Freaks DVD Review
Written by Steve Pattee
DVD released by Warner Bros.
Directed by Todd Browning
Screenplay written by Willis Goldbeck and Leon Gordon
1932, Region 1 (NTSC), 62 minutes, Not rated
DVD released on August 10th, 2004
Wallace Ford as Phroso
Leila Hyams as Venus
Olga Baclanova as Cleopatra
Rosco Ates as Roscoe
Henry Victor as Hercules
Harry Earles as Hans
Daisy Earles as Frieda
The circus freaks are a close bunch. Mess with one, you had better be sure you are ready to mess with them all.
When Cleopatra, a “normal” woman, marries Hans, a dwarf, more than a few eyebrows are raised. Especially since Cleo ridicules her new beau. Constantly. And while she is ridiculing her little man, she constantly makes goo-goo eyes at Hercules, the strongman. Something is definitely amiss.
When Hans apparently gets deathly ill from poisoning, the freaks band together to make the guilty parties pay.
And pay they do.
I can’t remember the first time I saw Freaks.

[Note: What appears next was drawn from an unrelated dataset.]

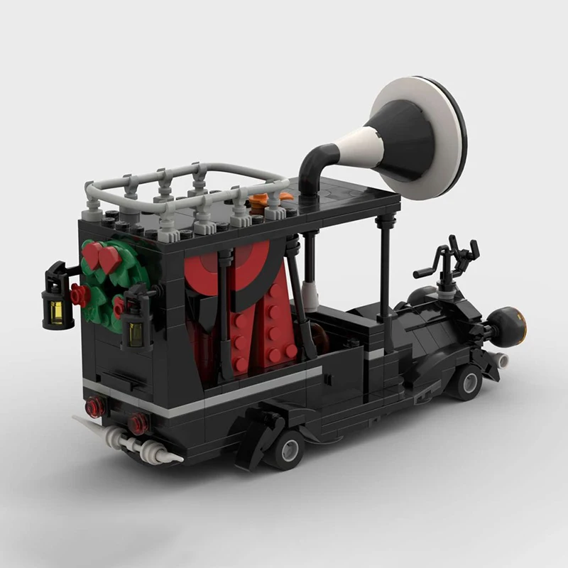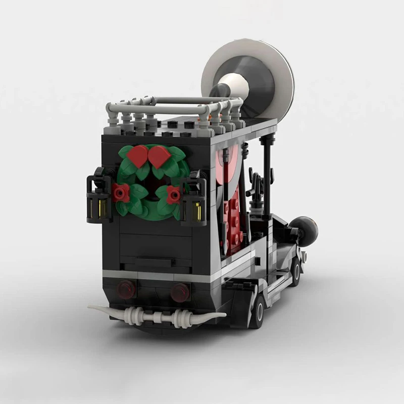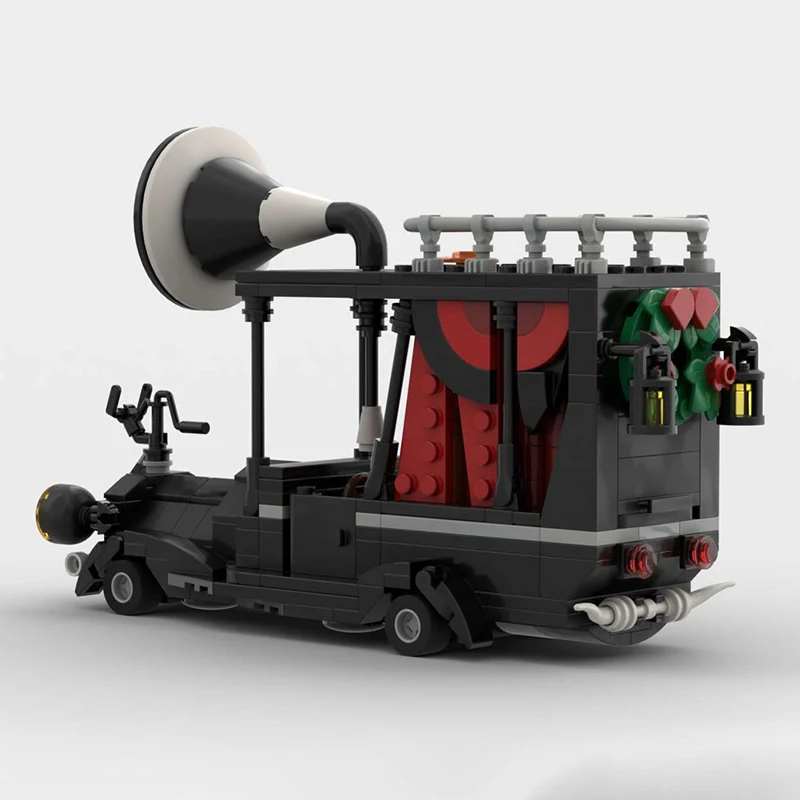Step into the world of creativity with this detailed model of the Mayor's Car from “The Nightmare Before Christmas.” Crafted from 451 high-quality ABS plastic blocks, this set captures the vehicle's sleek, black body with its dynamic, aerodynamic shape, and distinctive features. The transparent yellow headlights, complemented by a simple gray bumper, bring brightness and character, while the interior’s warm red and earthy brown accents add depth and realism to your build. The flat black roof, supported by black pillars, includes small fixtures like an orange detail and a gray railing, enhancing authenticity. The standout feature is the large white and black loudspeaker at the rear, giving this model a playful, exaggerated charm. Perfect for display or as a creative project, this set invites you to bring a unique character to life from your favorite Tim Burton film.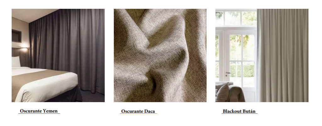 Nuestra gama de cortinas opacas para hoteles demuestran un compromiso con la innovación y la calidad, presentando tejidos que no solo bloquean la luz y el calor, sino que también añaden un elemento estético atractivo a las habitaciones. Nuestras cortinas oscurantes, como las series oscurante Yemen y oscurante Daca, son ejemplos perfectos de nuestra dedicación a la calidad.

It’s one of those movies I’ve seen so often, the times have just blended together. It could have been when I saw it on TV with my sister (followed by Dracula). It could have been when I rented it with my mother (along with Evil Dead). But in the long run, it doesn’t matter. Because each time I watch Freaks, it feels like the first time.
It is that unique.
MGM hired director Tod Browning, coming off Dracula, from Universal to deliver the scariest movie people had ever seen, the likes of which had never been seen before. He succeeded so well that not only did he produce something never seen before, but something the likes of which has never been seen since.
Using real “freaks,” Browning created a movie that not only crossed the line of “normal,” it went back over that line just so it could cross it again. And again. And again.
The documentary, included on the DVD, points out there wasn’t a traveling circus anywhere that had the quantity, or quality, of the freaks Browning got together for the movie. From Siamese twins Daisy and Violet Hilton to Prince Radian, the human torso; from the pinheads, Zip and Pip, to Johnny Eck, the half-boy, Browning chose the cream of the crop. Midgets, dwarves, a bearded woman, a skeleton man — come one, come all, have we got a show for you!
But Freaks is not really a scary movie. Granted, the last 10 minutes or so are incredibly disturbing, as the freaks make their move on those who crossed one of their own, but the first 50 minutes play more like a “Days of Our Lives” of the circus. That’s the beauty of the movie. Instead of seeing the characters as freaks, you see them as people, with the some problems you have. And when they do what they must do at the finale, you find yourself rooting for them and completely creeped out by them at the same time. Admittedly, the story of Freaks is an age-old tale (love, money, revenge), but its execution is well worth the nickel admission.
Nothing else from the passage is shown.